Department of Biostatistics, Jonathan and Karin Fielding School of Public Health, University of California, 650 Charles E. Young Dr. South Los Angeles, CA 90095-1772, USA.
Department of Ecology and Evolutionary Biology, University of California, 610 Charles E. Young Drive South Los Angeles, CA 90095-1606, USA.
Syst Biol. 2018 May 1;67(3):384-399. doi: 10.1093/sysbio/syx066.
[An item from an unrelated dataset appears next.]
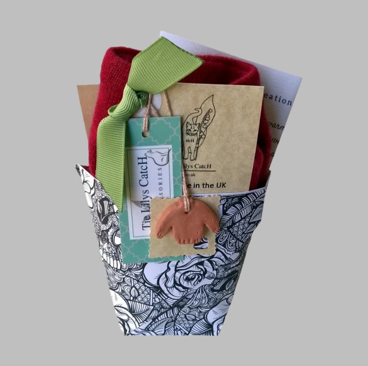 Packaged within a traditional origami festival cup in various colourful patterned and plain paper, to honour and celebrate the sweater that was, along with a cedar heart to help guard against moths.
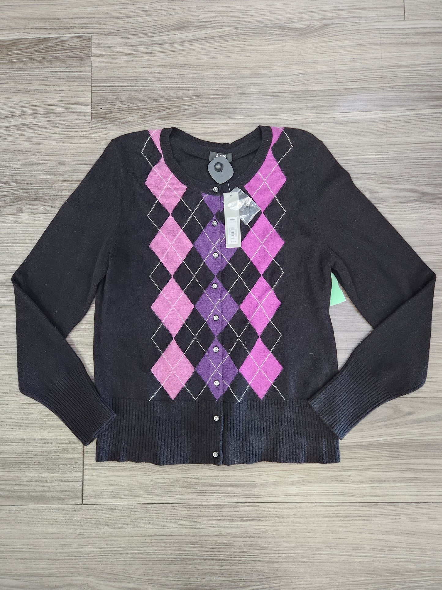 Sweater Cardigan Cashmere By Apt 9 In Black & Purple, Size: L

Phylogenetic comparative methods explore the relationships between quantitative traits adjusting for shared evolutionary history. This adjustment often occurs through a Brownian diffusion process along the branches of the phylogeny that generates model residuals or the traits themselves. For high-dimensional traits, inferring all pair-wise correlations within the multivariate diffusion is limiting. To circumvent this problem, we propose phylogenetic factor analysis (PFA) that assumes a small unknown number of independent evolutionary factors arise along the phylogeny and these factors generate clusters of dependent traits. Set in a Bayesian framework, PFA provides measures of uncertainty on the factor number and groupings, combines both continuous and discrete traits, integrates over missing measurements and incorporates phylogenetic uncertainty with the help of molecular sequences. We develop Gibbs samplers based on dynamic programming to estimate the PFA posterior distribution, over 3-fold faster than for multivariate diffusion and a further order-of-magnitude more efficiently in the presence of latent traits. We further propose a novel marginal likelihood estimator for previously impractical models with discrete data and find that PFA also provides a better fit than multivariate diffusion in evolutionary questions in columbine flower development, placental reproduction transitions and triggerfish fin morphometry.
系统发育比较方法通过沿着系统发育分支的布朗扩散过程来探索定量性状与共同进化历史之间的关系,从而对其进行调整。该过程会生成模型残差或性状本身。对于高维性状,推断多元扩散中的所有成对相关性是具有局限性的。为了解决这个问题,我们提出了系统发育因子分析(PFA),该方法假设沿系统发育产生了少量未知的独立进化因子,这些因子会产生相关性状的聚类。在贝叶斯框架下,PFA 提供了有关因子数量和分组的不确定性度量,它可以结合连续和离散性状,对缺失测量值进行积分,并借助分子序列来整合系统发育不确定性。我们基于动态编程开发了 Gibbs 抽样器来估计 PFA 后验分布,与多元扩散相比,其速度要快 3 倍,在存在潜在性状时,效率还要高出一个数量级。我们进一步为以前不实用的具有离散数据的模型提出了一种新的边际似然估计量,并且发现 PFA 在金翅雀花发育、胎盘繁殖转变和扳机鱼鳍形态计量学等进化问题上的拟合效果也优于多元扩散。